Record set:
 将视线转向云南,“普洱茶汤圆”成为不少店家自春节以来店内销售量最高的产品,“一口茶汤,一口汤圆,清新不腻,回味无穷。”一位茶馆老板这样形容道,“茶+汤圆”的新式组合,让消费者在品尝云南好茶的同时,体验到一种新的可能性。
---
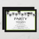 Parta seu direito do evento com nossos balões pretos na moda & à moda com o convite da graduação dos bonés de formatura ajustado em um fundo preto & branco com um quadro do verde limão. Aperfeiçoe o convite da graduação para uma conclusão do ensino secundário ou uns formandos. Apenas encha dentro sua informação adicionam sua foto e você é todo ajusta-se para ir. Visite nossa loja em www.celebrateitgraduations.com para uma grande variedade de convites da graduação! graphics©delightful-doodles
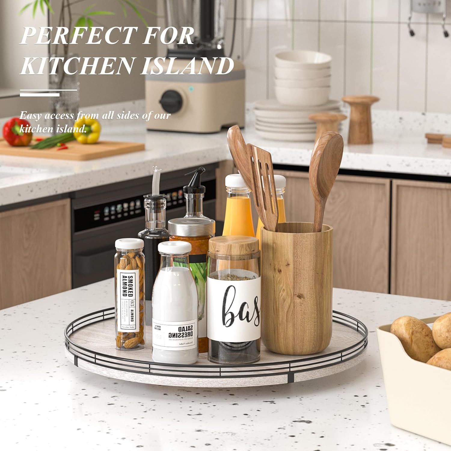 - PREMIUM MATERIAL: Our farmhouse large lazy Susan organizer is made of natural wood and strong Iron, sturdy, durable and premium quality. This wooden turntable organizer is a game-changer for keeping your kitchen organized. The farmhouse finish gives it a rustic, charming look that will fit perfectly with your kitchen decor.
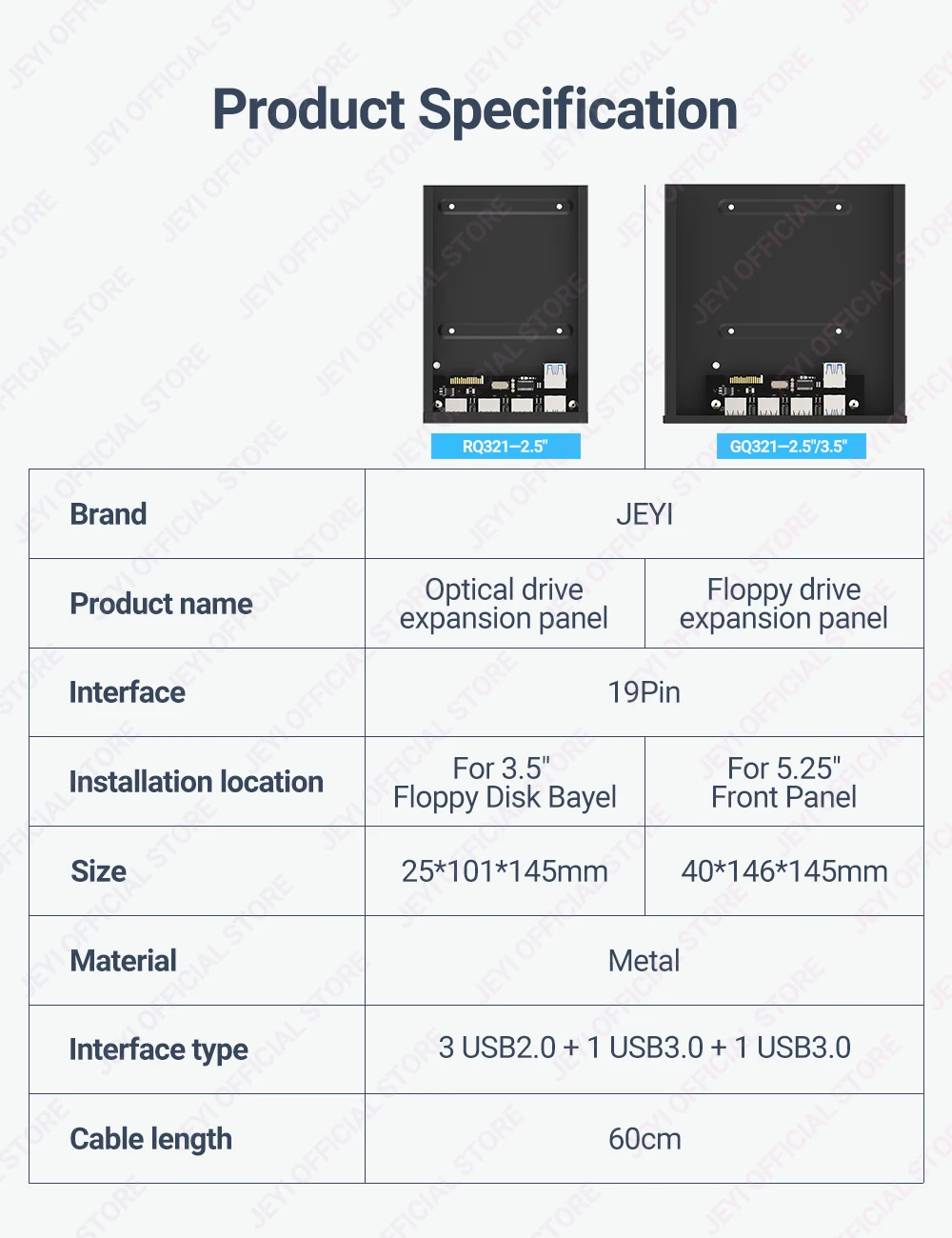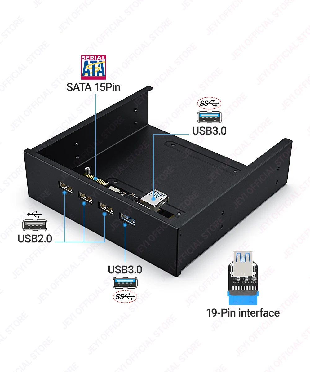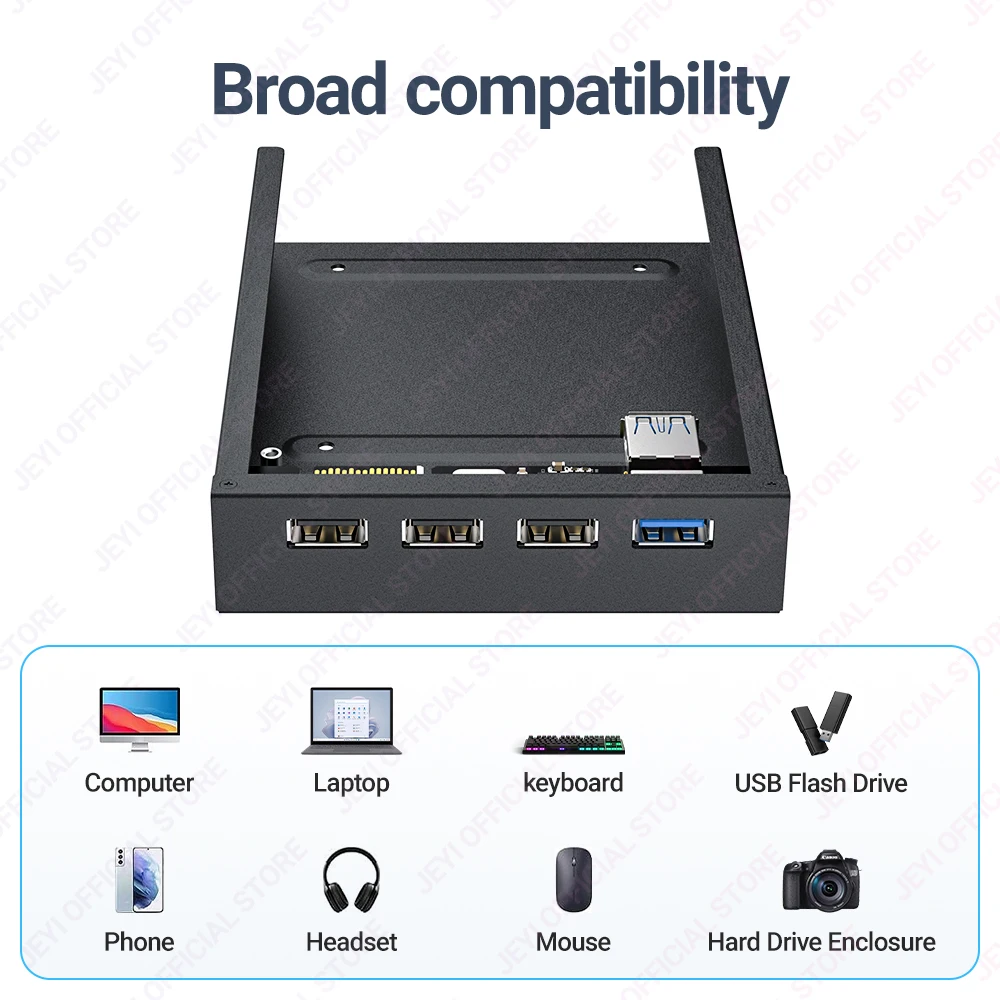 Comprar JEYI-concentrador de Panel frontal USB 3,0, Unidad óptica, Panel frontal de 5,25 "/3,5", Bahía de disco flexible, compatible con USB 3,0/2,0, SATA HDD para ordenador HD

What is needed: What you return must match, character for character, the lines above from the one with "Parta seu direito" through the one with "Comprar JEYI-concentrador de", minus any pictures.

Reply to the task:
 Parta seu direito do evento com nossos balões pretos na moda & à moda com o convite da graduação dos bonés de formatura ajustado em um fundo preto & branco com um quadro do verde limão. Aperfeiçoe o convite da graduação para uma conclusão do ensino secundário ou uns formandos. Apenas encha dentro sua informação adicionam sua foto e você é todo ajusta-se para ir. Visite nossa loja em www.celebrateitgraduations.com para uma grande variedade de convites da graduação! graphics©delightful-doodles
 - PREMIUM MATERIAL: Our farmhouse large lazy Susan organizer is made of natural wood and strong Iron, sturdy, durable and premium quality. This wooden turntable organizer is a game-changer for keeping your kitchen organized. The farmhouse finish gives it a rustic, charming look that will fit perfectly with your kitchen decor.
 Comprar JEYI-concentrador de Panel frontal USB 3,0, Unidad óptica, Panel frontal de 5,25 "/3,5", Bahía de disco flexible, compatible con USB 3,0/2,0, SATA HDD para ordenador HD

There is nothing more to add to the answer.